• WORK INSTRUCTIONS: Your answer must be an exact copy of the listing that follows, with all pictures omitted.

• DATA BLOCK:
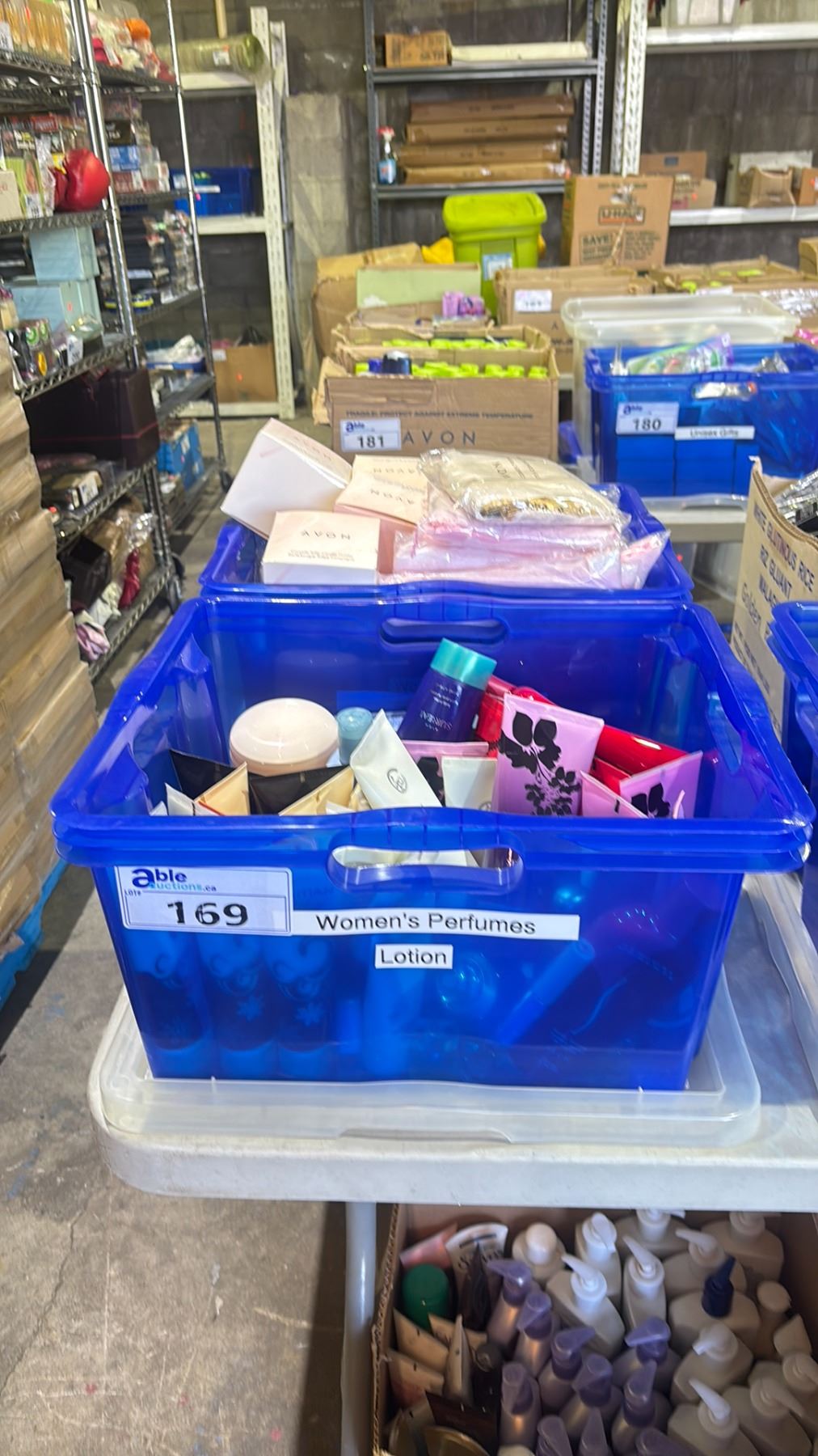 2 BINS OF ASSORTED AVON COSMETICS INCLUDING BODY LOTION, PERFUME, COSMETIC POUCHES, SCARVES, CANDLE
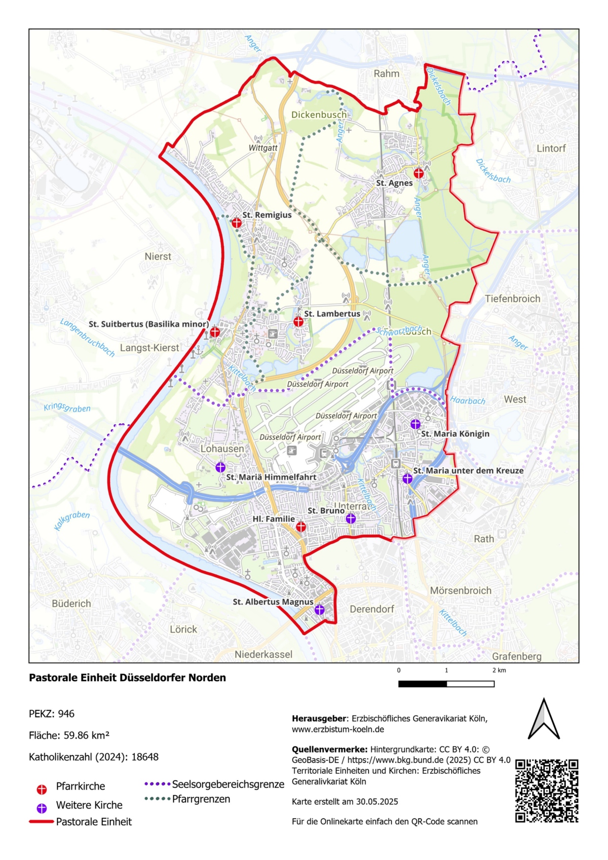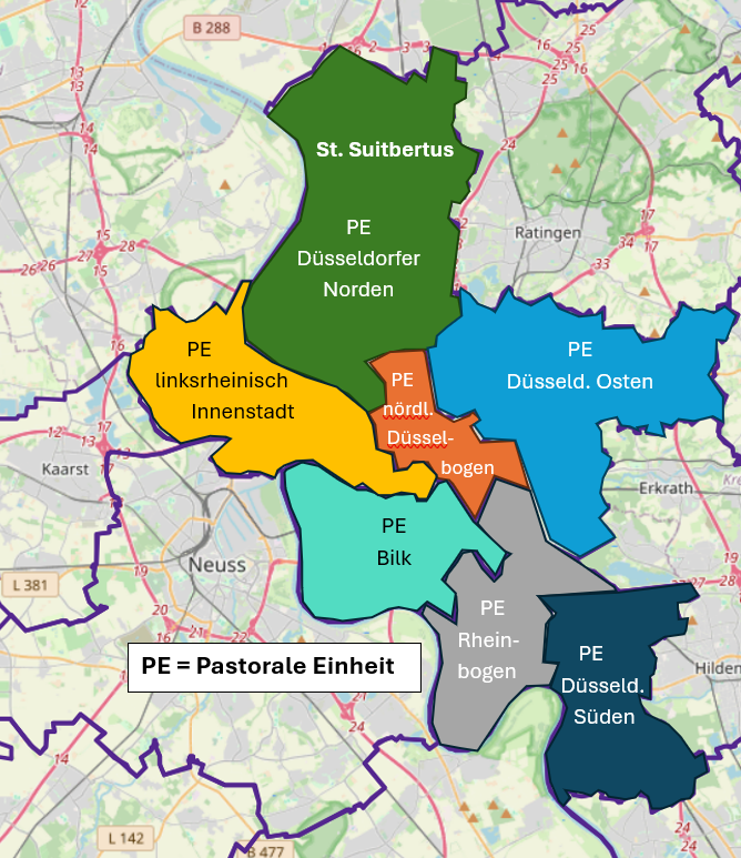 Die Fusion kreiert im Düsseldorfer Norden mit der „St. Suitbertus Pfarrei“ die flächenmäßig größte der sieben Pastoralen Einheiten Düsseldorfs: Sie bedeckt mehr als ein Viertel der Fläche Düsseldorfs – und ist kirchliche Heimat für über 18.000 Katholiken.
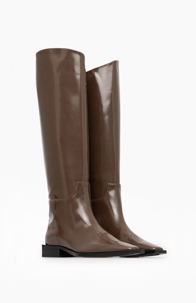 Brązowe, błyszczące kozaki ze skóry. Karmelowy kolor i odcinająca się ciemna podeszwa tworzą estetyczne połączenie. Klasyczny krój oficerek został przełamany unikatowymi detalami.

• TASK OUTPUT:
 2 BINS OF ASSORTED AVON COSMETICS INCLUDING BODY LOTION, PERFUME, COSMETIC POUCHES, SCARVES, CANDLE
 Die Fusion kreiert im Düsseldorfer Norden mit der „St. Suitbertus Pfarrei“ die flächenmäßig größte der sieben Pastoralen Einheiten Düsseldorfs: Sie bedeckt mehr als ein Viertel der Fläche Düsseldorfs – und ist kirchliche Heimat für über 18.000 Katholiken.
 Brązowe, błyszczące kozaki ze skóry. Karmelowy kolor i odcinająca się ciemna podeszwa tworzą estetyczne połączenie. Klasyczny krój oficerek został przełamany unikatowymi detalami.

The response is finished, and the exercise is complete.